50歳で新聞社を辞め、元“アフロ記者”となった稲垣えみ子さん。昨年、ソロ飲みの楽しみを会得するまでの顛末をユーモアたっぷりに描いたエッセイ「一人飲みで生きていく」を発表されるなど、お酒好きとしても知られる稲垣さんに一人飲み、お酒の楽しみ方をお聞きしました。

一人飲みの幸せとは?

―著書「一人飲みで生きていく」では、初めての店に一人で行っても楽しく飲み食べるためのふるまい方を会得される様子が描かれています。一人飲みをしようと思われたのは何かきっかけがあったのでしょうか?

新聞社に勤めていた頃、締め切りの関係で遅くまで仕事をしていたので、仕事がひと段落したら同僚を誘ってごはんに行くか、みたいなことが通常だったんですけど、案外断られたりすることがあるんですね。「今これやっちゃわないといけないんで」…とか言われて。もちろん嘘じゃないとは思うんですが、同じ人に2回断られると、これはもしや嫌がられているのかなとか考えたりして、案外面倒な作業でもあったんです。

で、気になっていたのが立ち飲み屋。当時働いていた大阪では、街のど真ん中に立ち飲み屋があるんです。カウンターだけ、外から見るとのれんの向こうに足がいっぱいある、みたいな。こういうところで、パッと串カツ食べてビール飲んでパッと帰ってくるっていうことができたらサイコーだなって思ったんです。でもあまりにもディープな世界に見えて、どう振る舞っていいかよくわからず、敷居が高くてどうしても入っていけなかった。
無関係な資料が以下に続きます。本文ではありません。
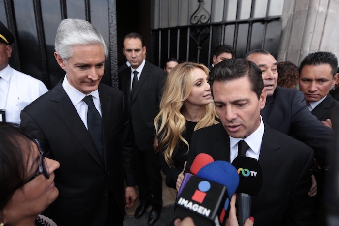 Además de la ex Primera Dama, Angelica Rivera, Enrique Peña Nieto llegó al homenaje de su tío Alfredo del Mazo González con sus hijos Paulina, Nicole y Alejandro.

そうこうするうちにたまたま仕事で日本酒の取材をすることになって、勉強のために自称「日本酒に詳しい」同僚を誘っていろんな日本酒を飲みに行ってたんですが、そのうち私の方が詳しくなってきちゃって、そうなると、お前と行くと面倒くさいとか言われて誰も付き合ってくれなくなった。困ったなと思いつつ、そうだ、これは今こそ一人飲みに挑戦せよという天の啓示ではと。

―一人飲み、やってみていかがでしたか?

まあ、失敗の連続ですよね。理想としては、自然に店に入って、自然に隣の人とさりげなく会話して、感じよく帰っていく…みたいなイメージだったんですけど。なんか緊張もしてるし、女性だという自意識過剰もあって。で、そうだお酒に詳しいことを分かってもらえたら店の人に尊重されるんじゃないかと…今思うとまるで勘違いなんですが、妙な「知ったかぶり」なセリフを連発して結果浮きまくるという失敗を繰り返しました。
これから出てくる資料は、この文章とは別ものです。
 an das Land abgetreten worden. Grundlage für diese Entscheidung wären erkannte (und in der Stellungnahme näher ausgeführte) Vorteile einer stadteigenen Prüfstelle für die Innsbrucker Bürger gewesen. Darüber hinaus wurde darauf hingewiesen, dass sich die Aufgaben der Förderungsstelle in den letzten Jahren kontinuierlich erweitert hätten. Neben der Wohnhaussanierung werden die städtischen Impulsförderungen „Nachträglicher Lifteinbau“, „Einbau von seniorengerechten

で、さすがにこれは自分の態度が根本的に間違っているんじゃないかと思ったんですね。店の人に認めてもらおうと思ったら、相手に自分を認めさせようとするんじゃなくて、まずは自分が相手をリスペクトすべきだったんじゃないかって。いい感じの店に行ったら、自分もそのいい感じの店の一員になって、まずその空気を乱さない、邪魔をしないで合わせていくことを心がけたんです。これが大当たりで、お店の人や常連さんが向こうから話しかけてくれるようになったり、お酒をおごってもらったりするようになって。自分にとっては大きな学びでしたね。

―本の中で、お店を船に例えられていましたね。

そうですね。同じ船にその時に乗り合わせた人みんなが協力して、航海をいいものにする、自分もその一員なんだっていう考え方をすれば、偉そうにしたり、自分だけ尊重されたいとか、そんなことは思ったりしないじゃないですか。
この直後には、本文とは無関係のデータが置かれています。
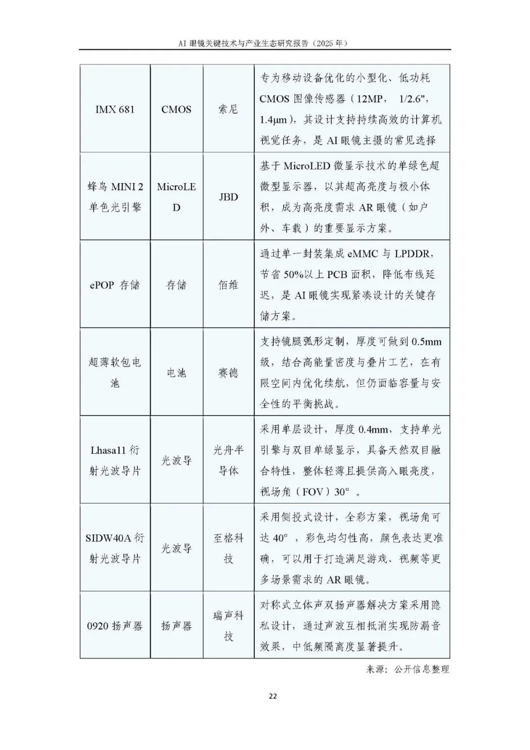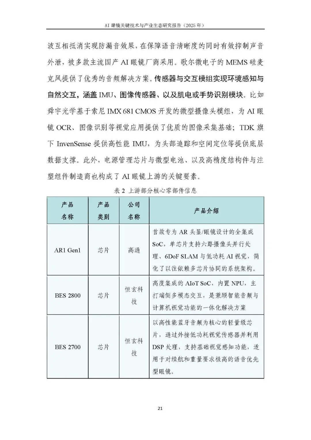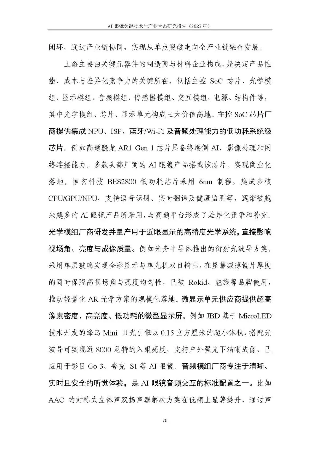 上游以芯片(高通 AR1、恒玄 BES2800)、光学模组(光舟半导体光波导)、微显示(JBD MicroLED)为核心价值高地;中游汇聚歌尔股份等代工厂与华为、小米、Rokid 等品牌厂商;下游覆盖消费与行业场景,应用开发商积极探索导航、支付等适配功能。国内在整机设计与应用开发具备优势,但高性能芯片等核心部件仍依赖海外供应。

以前、テレビを見ていたら吉田類さんの「酒場放浪記」に、知っている居酒屋が出ていたんですけど、カウンターに座っている人が見事に知り合いばかりで(笑)。あとでそこにいた人に「吉田類さんどうだった?」と聞いたら、「いや~めっちゃ楽しかった!」って言うんですよ。「何が楽しかったの?」って聞いたら「う~ん覚えてないけど、なんか楽しかった」って。それって最高ですよね。その話を吉田類さんとトークでお会いしたときにお話したら、「自分が飲みに行った場所を楽しくする、それが酒飲みの基本です」とおっしゃっていて、そうだそうだ!って。ますます大好きになりました。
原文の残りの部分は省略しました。